Many things make the global economy possible, but a major one, unfortunately, continues to be oil. The world is addicted to crude because it is energy dense and easy to transport. Practically nothing the modern U.S. does — including protesting an oil pipeline — would be possible without it. This inescapable fact means that demand is huge. And if there is a market, suppliers will attempt to meet that demand, in all sorts of ways. In and around North Dakota, that has meant sucking it from underground shale formations and transporting it out of the area by truck and train. Pipeline transport would make it safer.
A significant number of those protesting Dakota Access are doing so because they feel the project has infringed on the rights of local tribes. Federal courts and the Obama administration are in the process of sorting that out, though the fact that the pipeline would not be built on reservation land and follows the route of an existing gas line undercuts their case.
Even so, environmental activists have latched onto the cause, styling it “the new Keystone.” We do not fault anyone for objecting to global oil dependence. The world must burn continually less to combat climate change. But that transition should be orderly and predictable. If anti-pipeline activism has much impact on the global oil equation, it is to promote short-term volatility in the oil market, making it marginally more prone to temporary price shocks that hurt lower-income people the most.
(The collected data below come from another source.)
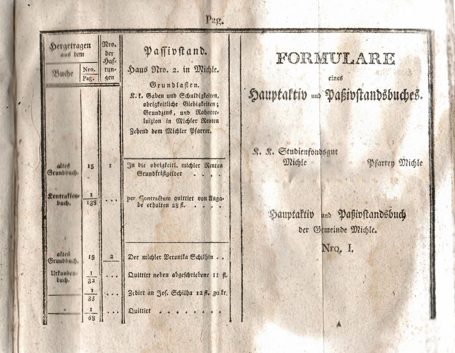Dobová kartonová vazba, při horním okraji hřbetu původní kožený štítek s tlačeným názvem, barvené ořízky. Vazba zašpiněná, místy odřená a pap. pokryv místy setřený, kožený štítek zčásti utržený, naražené rohy. V textu místy světle hnědé mapy od vlhkosti, papír místy lehce zvlněný. Na přední předsádce perem staré výpočtu, na jejím rubu nečitelné jméno jednoho z předchozích vlastníků.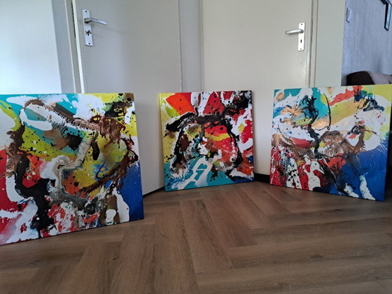 A triptych by Tiny de Bruin. Expressive with vibrant colors. Excellent condition. Certificate of authenticity included!
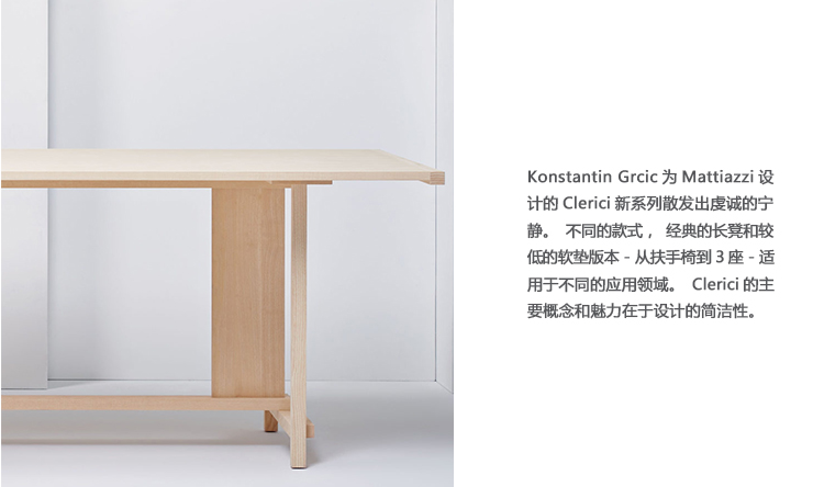 Clerici将慕尼黑设计师Konstantin Grcic的清洁工业美学与Mattiazzi在木材中的最精湛工艺结合起来。这个休息室提供一个扶手椅、一个两个座位和一个三个座位的长椅。细长而稀疏,Grcic解构了传统的座椅形式,木板和空隙之间有着可爱的相互作用。高扶手围绕背部延伸,形成必要的框架,而缺乏完整的背部或侧面则为设计增添了低调的轻盈感。座位上有一个小小的坡度,让您在休息片刻时滑倒。理想的欢迎和过渡地区,Clerici发表了引人注目的声明。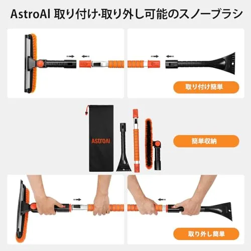 AstroAI 131-158cm スノーブラシ 車 除雪ブラシ 雪かき 6 in 1 多機能 車用スノーブラシ アイススクレーパー 伸縮式アルミハンドル 雪対策 10段階調整可能 270°回転 自動車 トラック SUVに対応 スクイージ付 (オレンジ,★tm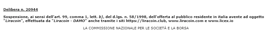 La Consob non si è ancora espressa su WEWE e non lo ha ancora definito truffa o scam.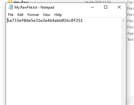 My.RawFile.txt has a hash(MD5) value of My.RawFile.exe.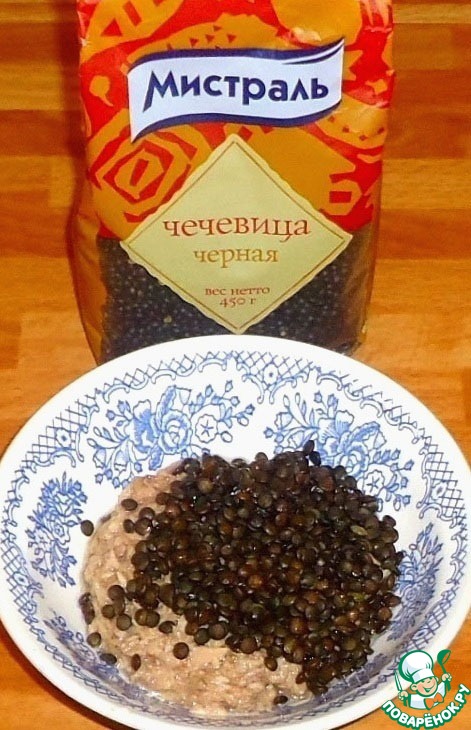 Пока лук маринуется, сварить чечевицу ТМ "Мистраль", как указано на упаковке.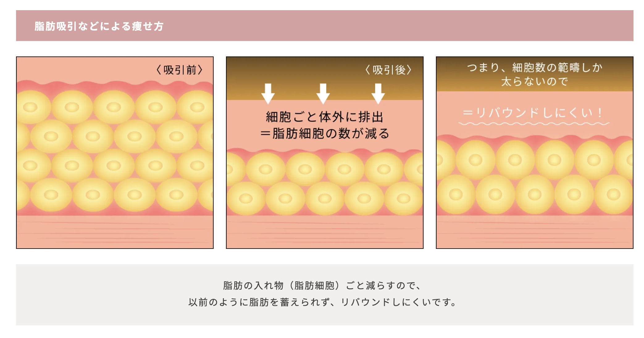 脂肪吸引は脂肪を溜め込む脂肪細胞自体を減らすことができるため、脂肪が貯まる原因事態を取り除くことが可能です。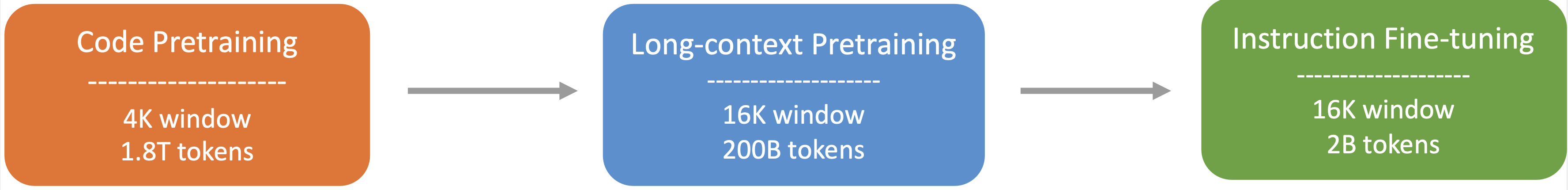 - 步骤 1:最初使用由 87% 代码、10% 代码相关语言(Github Markdown 和 StackExchange)和 3% 非代码相关中文组成的数据集进行预训练。在此步骤中,使用 1.8T 令牌和 4K 窗口大小对模型进行预训练。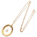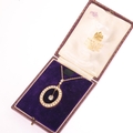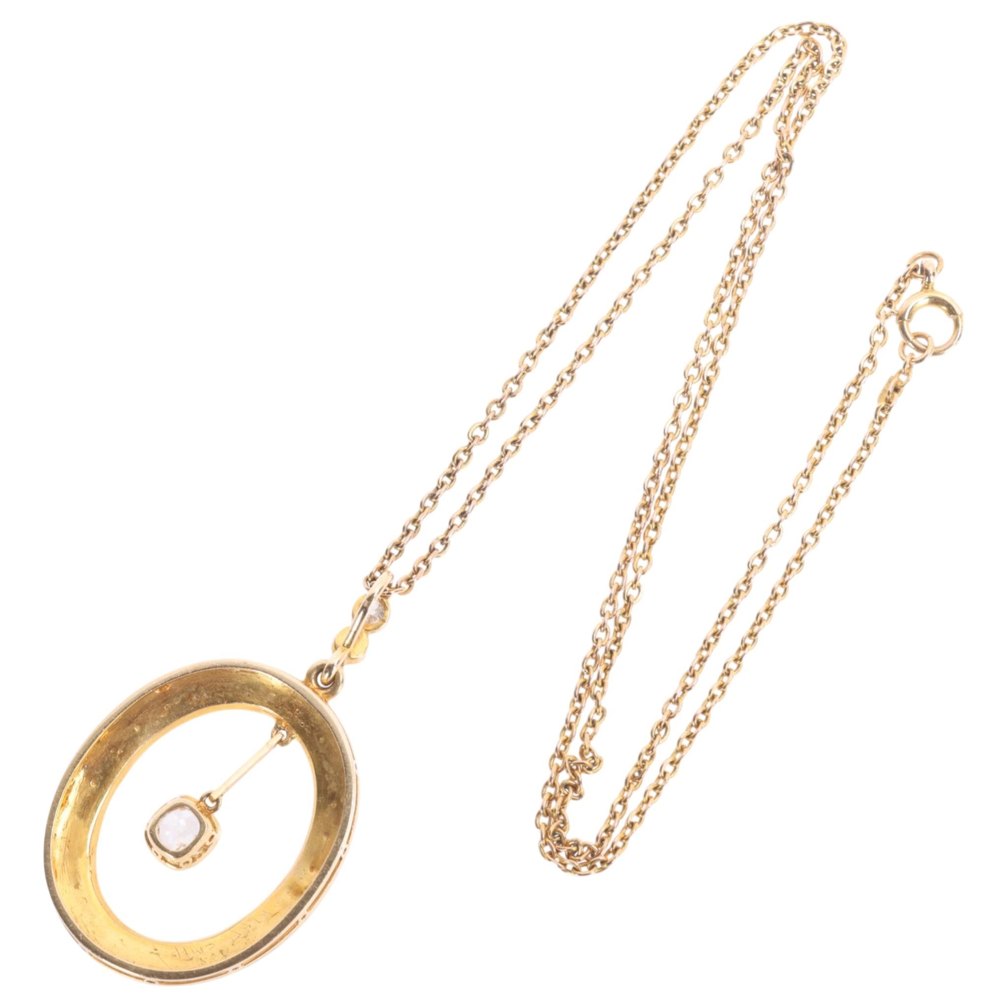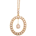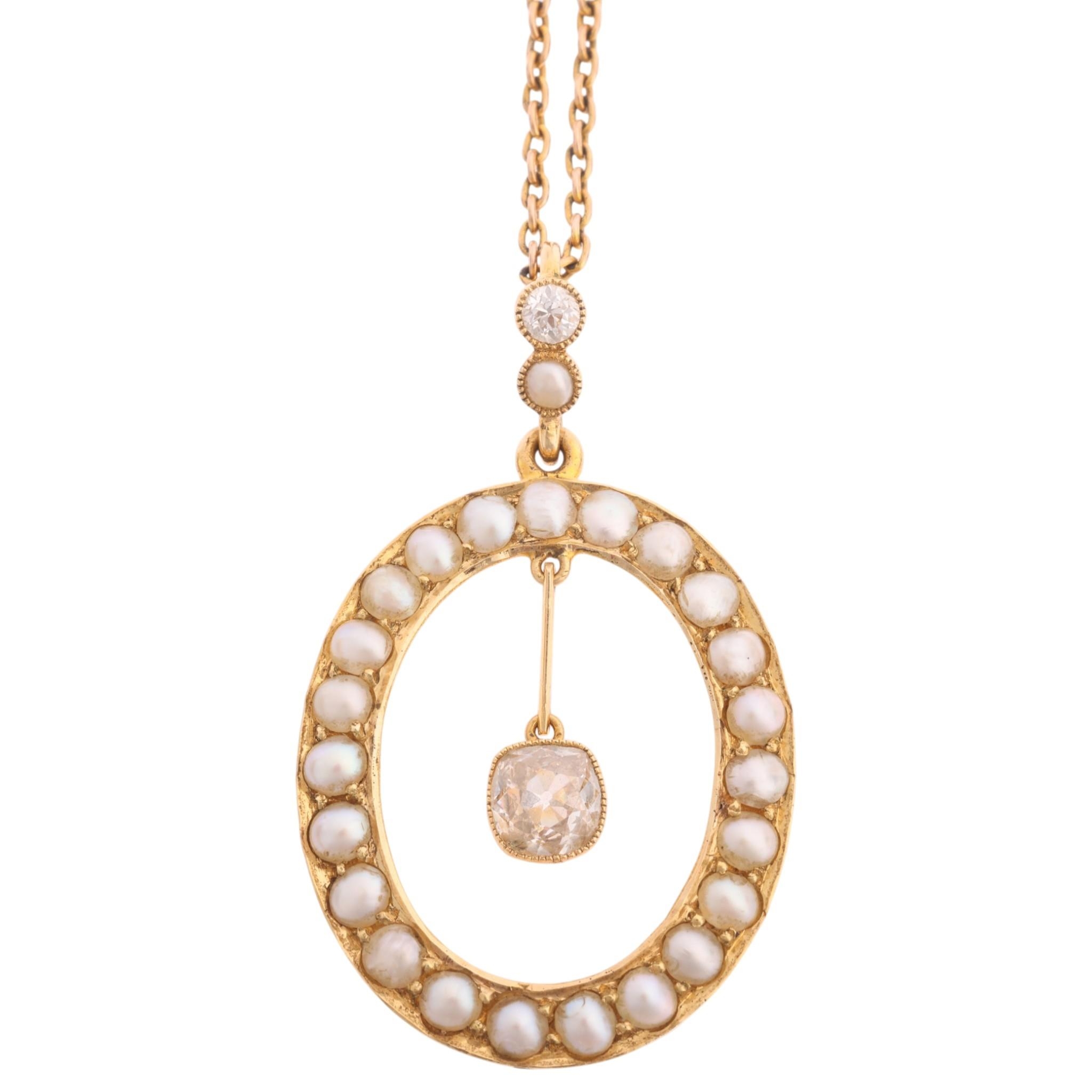 An Antique Edwardian pearl and diamond openwork pendant necklace, the oval frame set with split pearls, suspending a central millegrain set 0.50ct old mine-cut diamond and similarly set bale, unmarked but tests as 15ct on unmarked 9ct cable link chain, pendant 40.2mm, chain 42cm, 7.4g, in original Wartski Ltd fitted tooled purple leather case

In the long term, piecemeal activism accomplishes little, because it does not shift underlying demand for fuel. As long as people demand oil, the incentive for someone, somewhere to meet that demand will compel entrepreneurial people to supply it. Doing so is not particularly hard: A massive global oil supply network already exists. Even in places environmentalists try to cordon off, they can be only partially successful: As environmentalists took down the Keystone XL pipeline, oil train and truck transport boomed, posing much more danger to the surrounding environment than that pipeline would have.
The activists are right about the danger of climate change. They could make a real impact if they channeled their energy into protecting and enhancing President Barack Obama’s fuel efficiency standards, which will cut U.S. gasoline demand over time by forcing cars and trucks to use less oil, and enacting a carbon tax that would make alternatives to coal and oil steadily more competitive.